Bringing action items to the surface

I initially hid the action buttons like Copy link and Share in the profile menu, to keep the void clean with just the Add media button on the surface.


But while a friend (📣 shoutout to Ghorani) was looking at his void for the first time, and I showed him where the buttons were, he said "Oh, I wouldn't have guessed that these buttons were in the ellipsis menu!". That surprise prompted me to surface the buttons instead.

Thankfully all this hassle lead to a beautiful void

After the painful back and forth between me and Replit, Google Admin Console, and Supabase, Minivoid is now live at minivoid.space.


Create your own void, visit someone else's, and of course — reach out if you come across anything unexpected. 🫣

Tech stack (for the nerds 🤓)

Frontend

React 18 + TypeScript — component model and type safety throughout

Vite — dev server and build tool, served alongside the Express backend on a single port

Tailwind CSS — utility-first styling; Manrope as the display typeface

Shadcn UI / Radix UI — accessible component primitives (toast, dialog, form controls)

TanStack Query v5 — server state management, cache invalidation, loading states

React Hook Form + Zod — form validation with schema-driven types

Wouter — lightweight client-side routing

Framer Motion — animation for card details and sheet transitions

Lucide React — icon system

Backend

Node.js + Express 5 — REST API and HTML meta-tag injection for OG previews

TypeScript — shared types between client and server via a shared/ package

Drizzle ORM + Drizzle Zod — schema-first database modelling; Zod schemas auto-generated from table definitions

Database & Auth

Supabase — PostgreSQL database (board cards, user profiles) and authentication

Supabase Auth — handles email/password sign-up and Google OAuth.
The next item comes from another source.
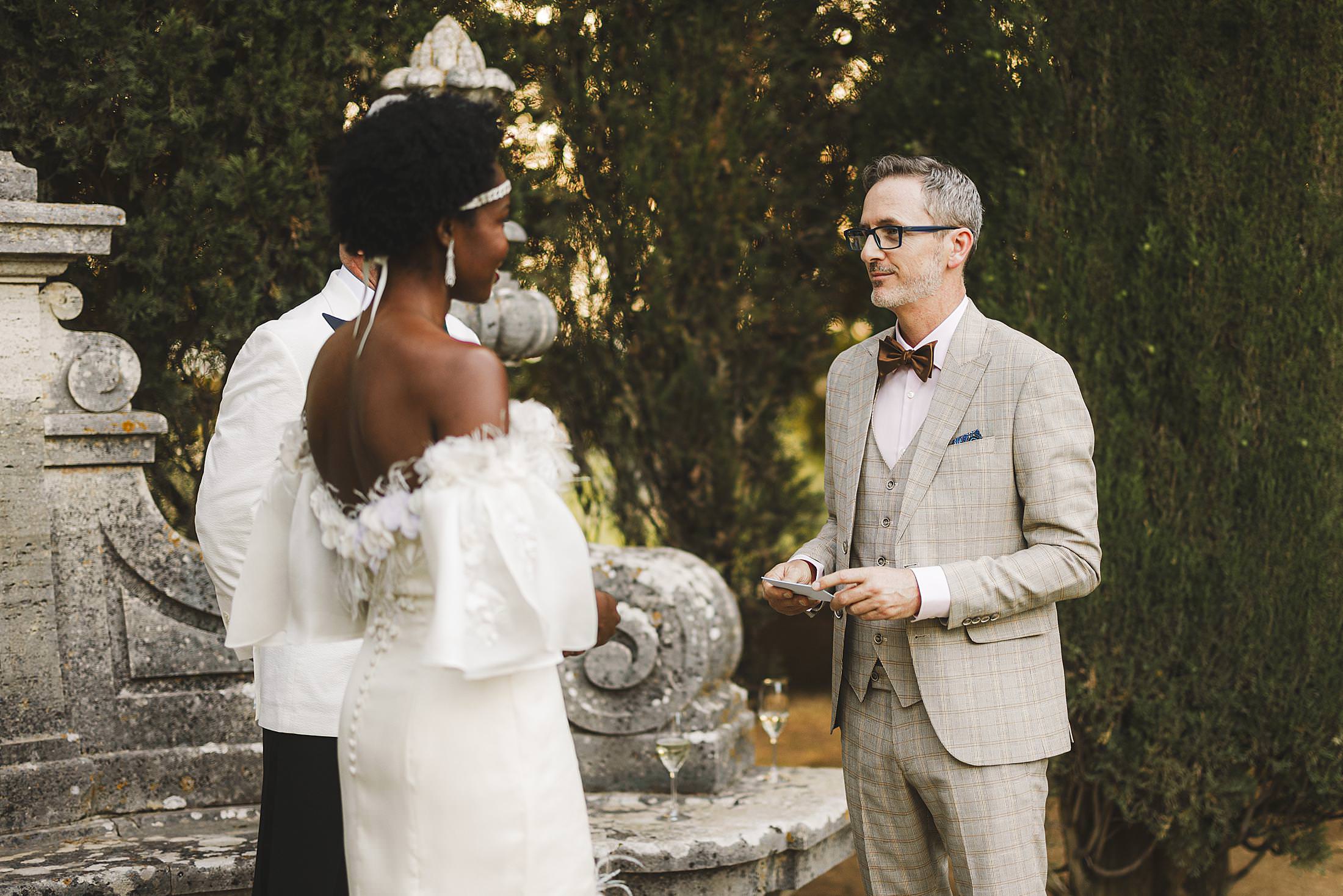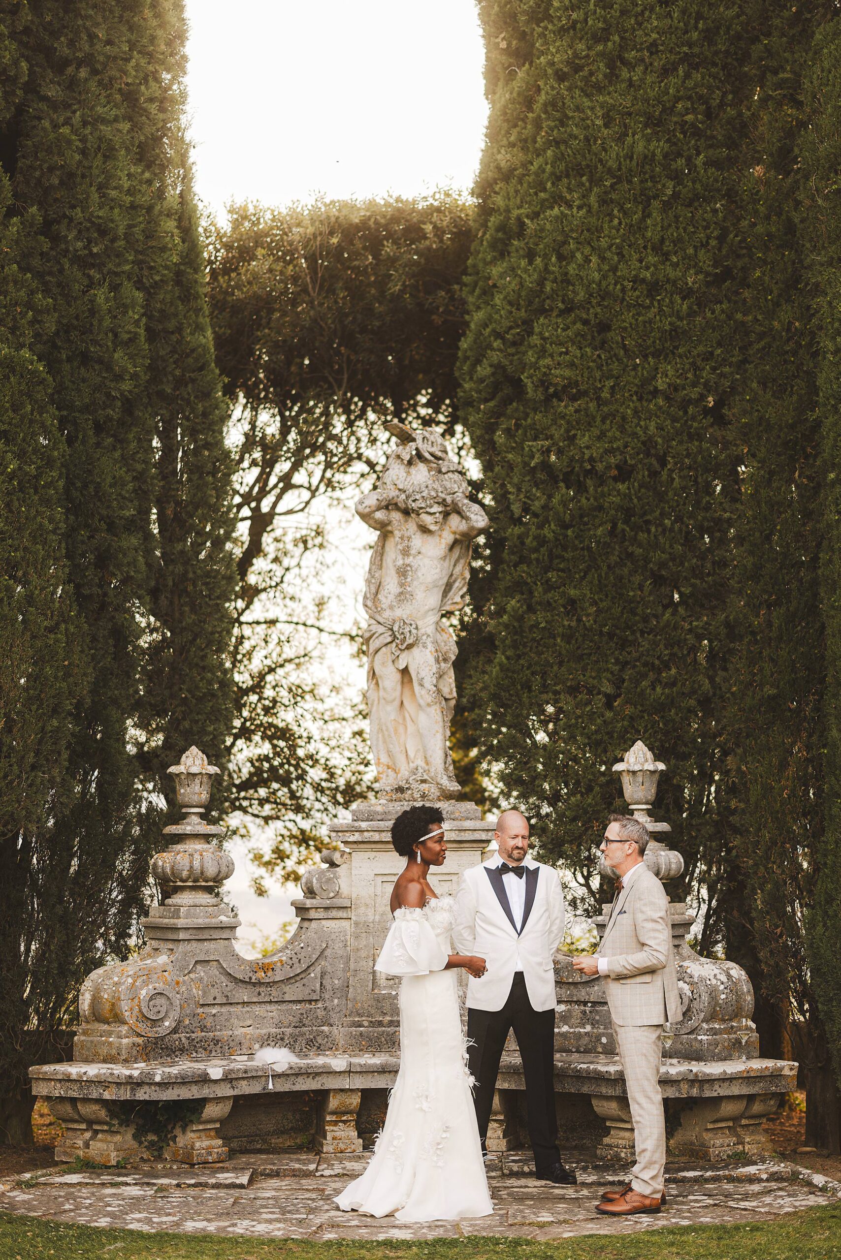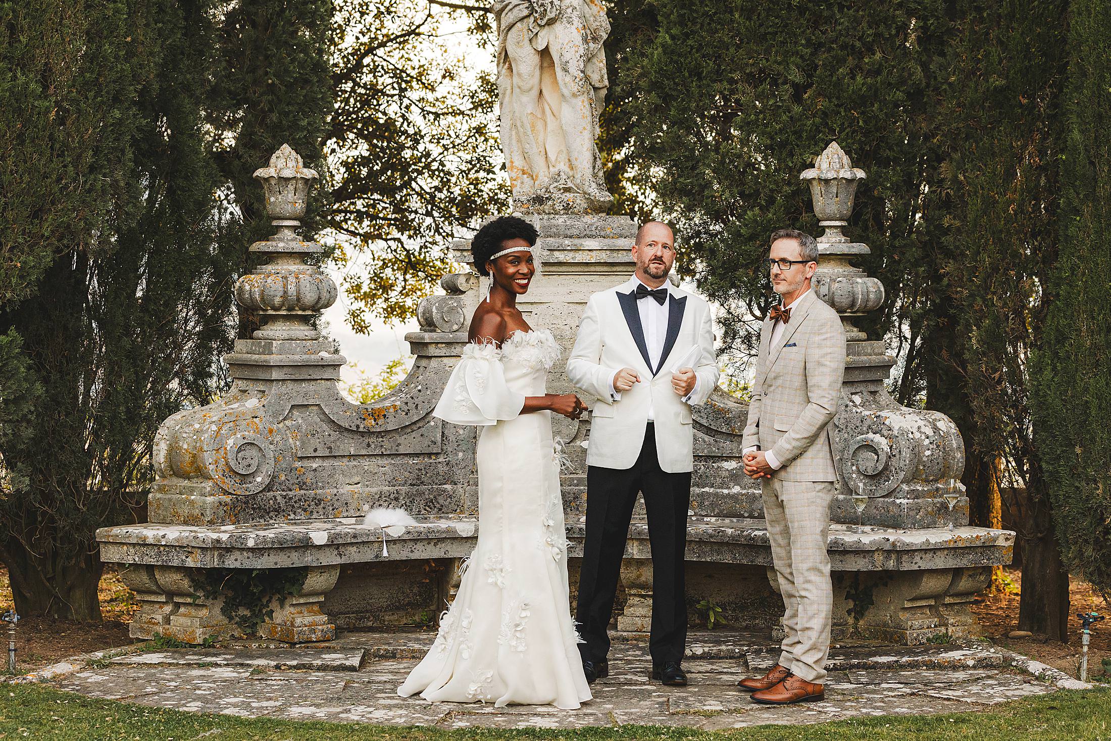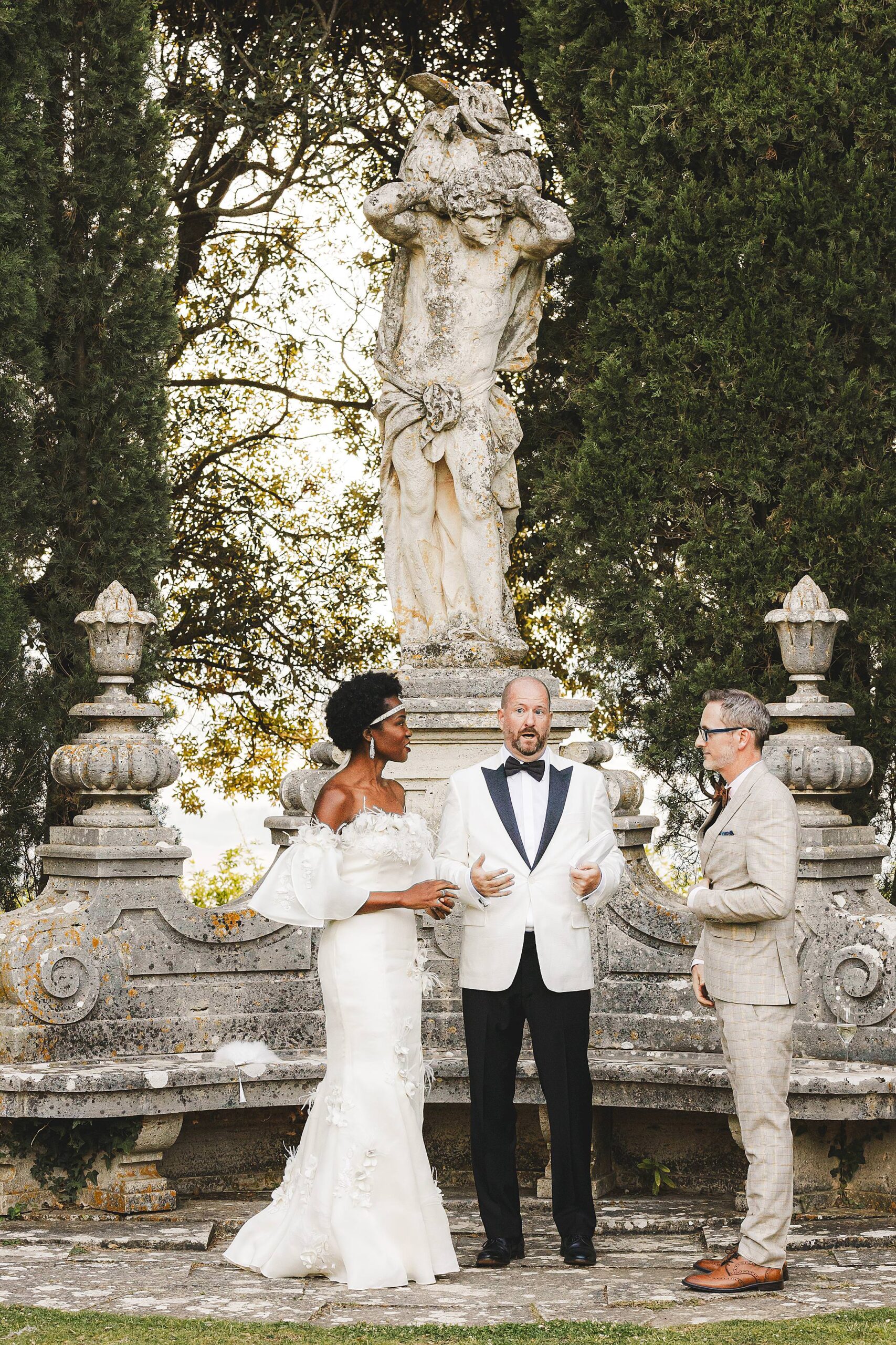 Emotional 10th wedding anniversary vow renewal ceremony at La Foce breathtaking venue. Photo by the Italian elegant wedding photographer in Tuscany based Florence Gabriele Fani
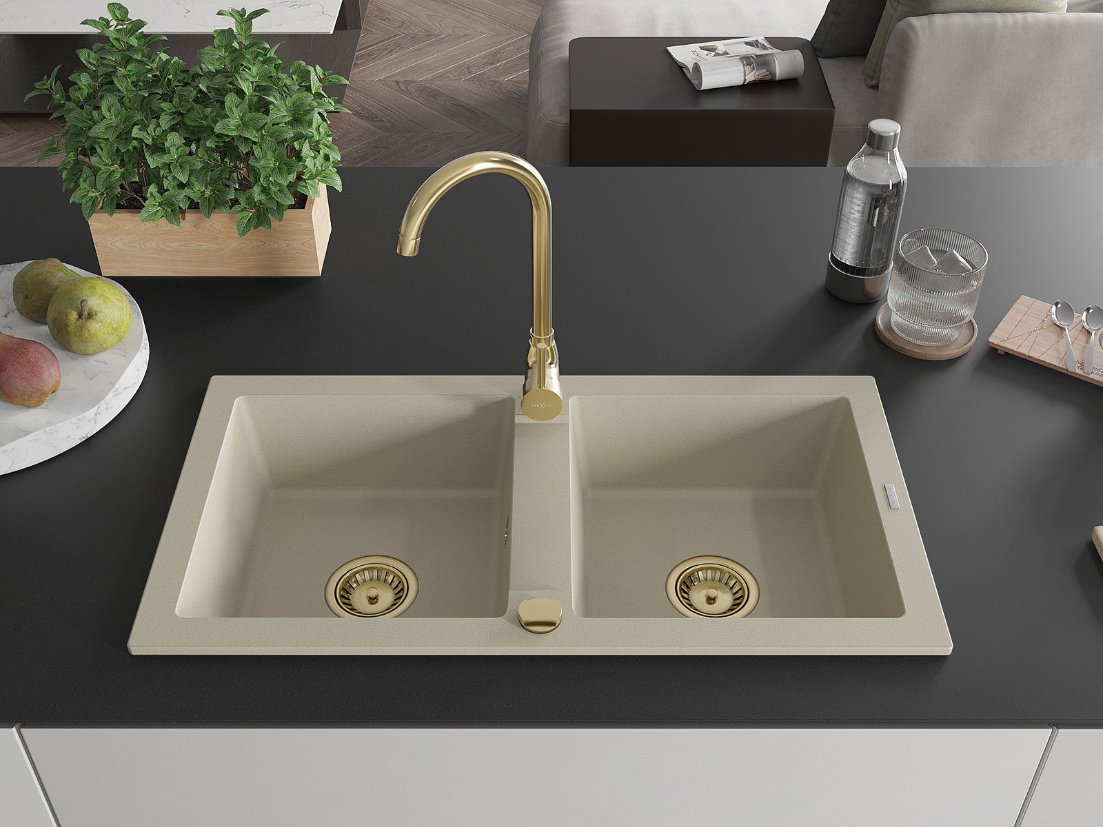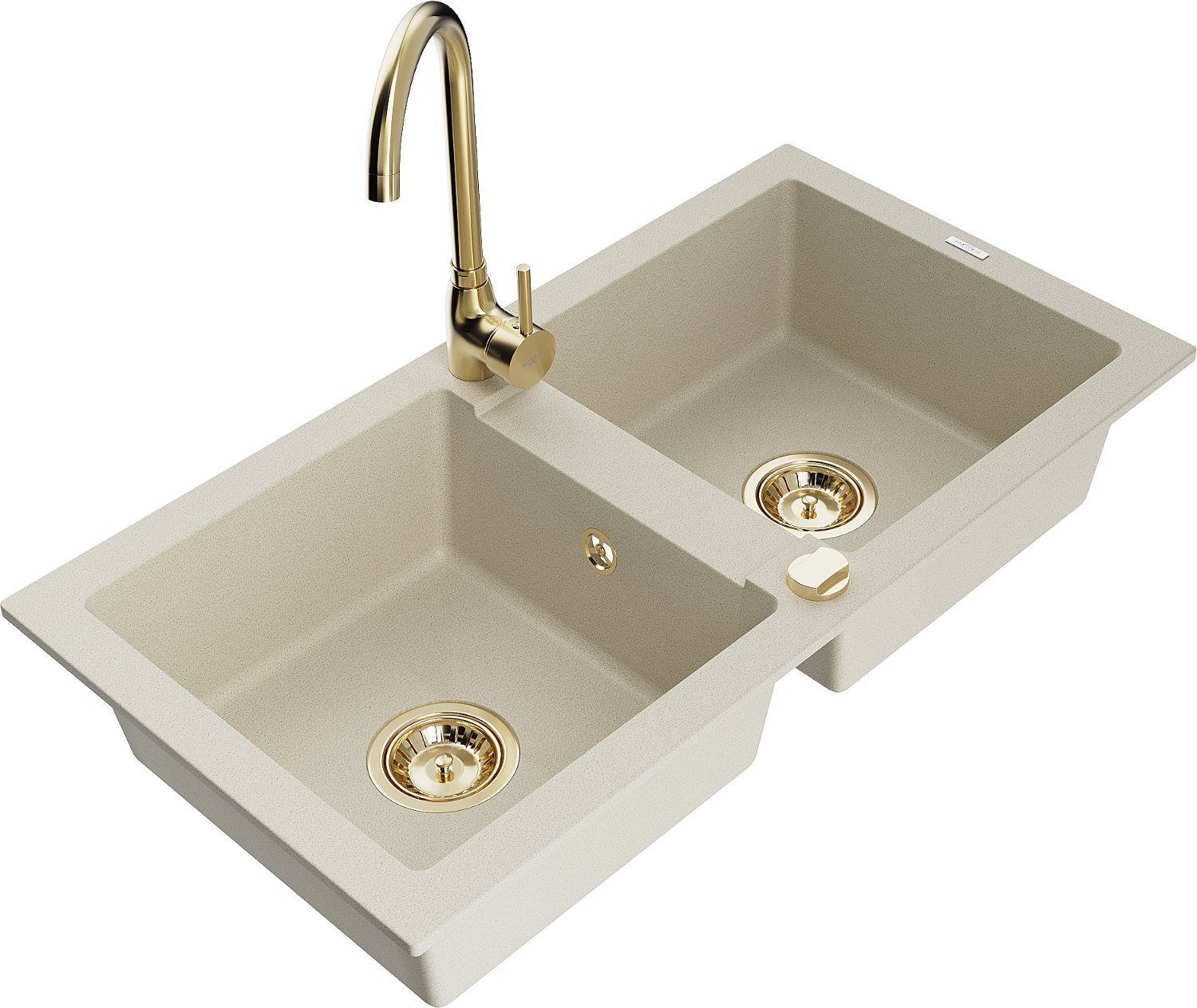 Mexen Mario žulový drez s 2 komorami a kuchynskou batériou Telma, béžový - 6504-69-670200-50

JWT tokens are sent with every API request; the server validates them via the Supabase service role key before touching any user data.

Reflections

This short project that lasted 3 days taught me a lot. Because I had full ownership over the product, I had no choice but to pay attention to the details and be intentional about my decisions. Here's what I've learned from building Minivoid.

The most-used feature deserves the least friction.

The original add media flow buried search behind an extra tap. Search is what people do 90% of the time — and I'd designed it as if it was equal to everything else. The solution was obvious in hindsight. Of course most people would prefer the easier way to find something (by searching) over the longer way (manually uploading or pasting a link).

Designing mobile-first >>>

Designing mobile-first forced every interaction to be simpler. If something was too complex to do with a thumb, it was probably too complex. Full stop. The bottom sheet pattern, the tab bar in the add media flow, the surfacing of the action buttons — all of these made the desktop experience better too.

Minimal isn't always better.

I initially hid the action buttons like Copy link and Share in the profile menu. While a friend was looking at his void for the first time, he said "Oh, I wouldn't have guessed that these buttons were in the ellipsis menu!". That was when I realized that hiding things in the name of "keeping things clean" isn't always a good call. Sometimes users need clarity more, and there's always a workaround without cluttering the screen.

Small polish details matter.

The tiny details that frustrate are worthy of attention. A friend brought up that it was a little annoying that the Add media bottom sheet was closing every time he added something to the void. This was something I saw as worth fixing because I could see others feeling the same way, especially at the beginning of their journey when they are first populating their void.


In the same way, small details that delight are equally as important. The momentum on the canvas (that little coast-to-a-stop when you release a drag) wasn't strictly necessary. The product works without it. But it's the thing people notice."It's so smooth!" was one of the first few comments I repeatedly received while my friends were trying Minivoid out for the first time. These responses validated the love I have for quality and beauty.